Overall, the Coalition saw a 5.3% swing against it, according to ABC’s Antony Green: a change of more than 4.6% against Labor. in 2013 or against John Howard in 2007.
The surprising part of the story, though, is that the work didn’t gain anything in net terms from that. In fact, there was a marginal swing against Labor.
Great questions for seniors and freelancers
While the Labor vote languished, the Greens enjoyed 1.3 percent. The Coalition’s vote vanished amid a 10.4% change to independents (more than 1.3 million votes) – green or not – as well as Clive Palmer’s One Nation and United Australia Party .

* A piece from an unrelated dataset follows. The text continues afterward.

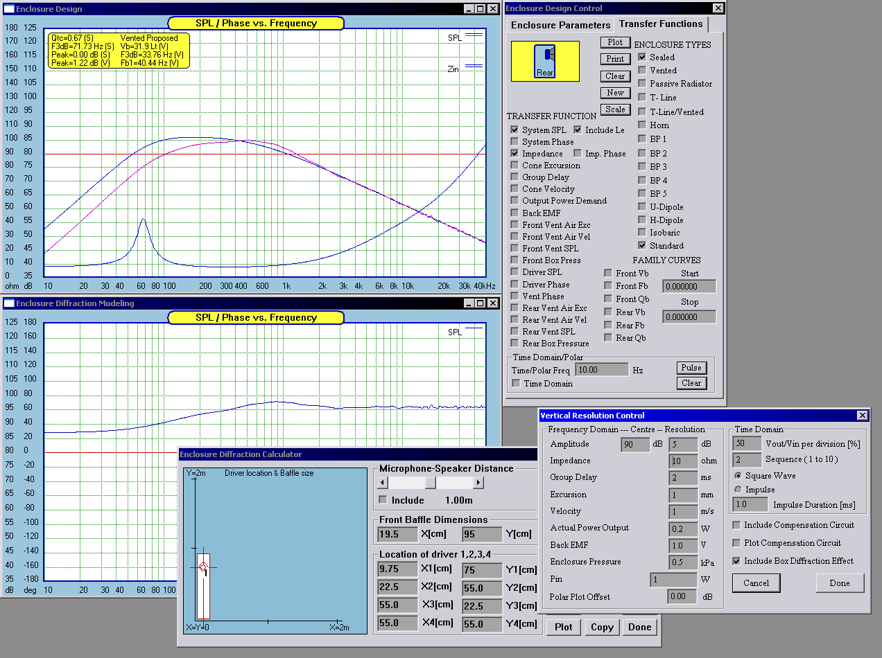 For a glimpse of the response in a couple listening rooms, I've taken some room responses. Mic was at tweeter height. The 1.5 meter response was taken in a typical setup in a small room with the front of the baffle about 2.5 feet out from the rear wall and 3.5 feet from the side wall. The 2 and 2.5 meter responses were taken in a medium to large room, 3 feet out from the rear wall and 4.5 feet from the side wall. One of the common response issues is the primary floor bounce resulting in a dip/peak combo at 300 and 600 Hz. In these conditions, the anechoic response can't really hide. The dip helps some of the excessive output between 300 and 500 Hz but it's still lots of bass below that and a lack of lower treble. The peak at 600 is less audible than it seems as I suspect (but can't prove) at that frequency our brains differentiate between direct and reflected sound. Room nodes dominate the response below 200 Hz, with the 1.5 m measurement having a lot of output (read: one note bass) near the port tuning. I do room response curves with all my designs but I don't always post them because they are of limited use. Everyone's room is different. However if you dig into the SR71, ZRT and L18 designs, you'll see some examples in there.

Pauline Hanson’s party fielded candidates for seats across the country this time and won the majority of votes in the second center-right party. But often in the polls themselves, voters were stripping Labor and voting for the Greens.
Take the Cunningham seat in NSW. With a retiring Labor MP, Sharon Bird, eliminating any advantage of the incumbent, there was a 6.3% increase against Labor, 5.8% against the Liberal candidate, 6.3% from the Greens. 4.97% of the greens. A nation and a 1 percent swing at Palmer’s UAP.
Maybe that’s why the joy of Labor’s victory has been much quieter than in 2007.
The big parties are now facing big questions about how they are facing the wave of independents reflecting that people are getting back into politics, but focusing a lot on their local representative.
Equally, independents need to find a way to make sure that the high expectations built around what they can achieve can come true.
Laura Tingle is the chief political correspondent at 7.30am.
Space to play or pause, M to mute, left and right arrows to search, up and down arrows for volume. Clock time: 2 minutes 21 seconds 2 m 21 s The Prime Minister criticizes the Coalition for publishing a statement on an asylum seeker operation on election day.